Освободили от квартплаты? Прекрасно. Я приняла это к сведению и платить перестала.
Следует заметить — с администрацией у меня давно сложились не лучшие отношения, и причина не всегда была в управлении жилыми домами. Я очень часто не оплачивала вовремя счета всего лишь потому, что жалко было времени. До пятнадцатого числа каждого месяца и без того работы хватало, а просиживание в очередях я вовсе не считала пределом мечтаний. Посему я платила позже, после двадцатого. Иногда вообще забывала и оплачивала скопом все счета за несколько месяцев. Порой платила вперёд, чтобы не морочить себе голову. Случалось, я бунтовала из-за отсутствия воды и сыпавшегося мне на голову мусора, а иногда просто уезжала и счетами пренебрегала. Официальным уведомлениям с требованием оплаты, с угрозами штрафа за опоздание не было числа; иногда случались довольно забавные накладки.
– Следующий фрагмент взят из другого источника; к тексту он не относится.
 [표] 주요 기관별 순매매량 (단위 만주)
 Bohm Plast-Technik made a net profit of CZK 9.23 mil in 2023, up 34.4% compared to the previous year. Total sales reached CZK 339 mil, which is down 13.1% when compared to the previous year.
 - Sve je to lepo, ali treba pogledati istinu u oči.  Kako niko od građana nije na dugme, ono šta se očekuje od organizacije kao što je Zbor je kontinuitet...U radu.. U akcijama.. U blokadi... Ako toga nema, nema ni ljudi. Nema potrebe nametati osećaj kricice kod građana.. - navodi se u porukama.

Несколько раз мне присылали грозные письма и последние предупреждения, когда все задолженности давно были погашены. Дважды собирались передать на меня дело в суд из-за неплательщиков из соседнего дома. Однажды прислали судебного исполнителя, опечатавшего холодильник, что ни в какой степени не мешало им пользоваться, а ошибка выяснилась на следующий день. Рекорд побил документ, над которым я долго сидела в недоумении.
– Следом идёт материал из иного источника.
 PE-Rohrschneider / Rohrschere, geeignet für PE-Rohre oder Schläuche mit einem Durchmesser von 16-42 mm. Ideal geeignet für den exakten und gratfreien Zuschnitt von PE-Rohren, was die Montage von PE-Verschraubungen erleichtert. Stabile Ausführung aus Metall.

Мне сообщалось: немедленно заплатить указанную сумму, иначе дело передадут в суд и меня выселят. Судом и выселением я не слишком озаботилась, а вот сумма меня заинтересовала. Откуда её взяли?.. Попробовала считать, ничего не получилось. Даже если бы я действительно не платила за квартиру в течение четырех месяцев, чего как раз не случилось, тоже получалась совсем иная цифра. Добавила я пеню за просроченность, посчитала проценты, и все равно результат не сходился. История эта настолько меня заинтриговала, что на следующий день я понеслась в управление, добралась до нужной девицы и спросила её, на чем она основала свои расчёты? Раздражённая и недовольная, девица извлекла мою карточку. Выяснилось — я даже переплатила лишних шестьсот злотых. Я не стала пререкаться с администраторшей, и она милостиво соизволила простить мне свою ошибку. Откуда взялась вся эта галиматья, она мне не растолковала, и я позвонила главному бухгалтеру учреждения.
— Будьте добры, — начала я вежливо, — хотелось бы задать вам один вопрос. Я не предъявляю сверхъестественных требований, ноне могли бы вы брать на работу людей, овладевших хотя бы тремя арифметическими действиями? О четырех я уже не говорю, это непомерно много, но хотя бы три?..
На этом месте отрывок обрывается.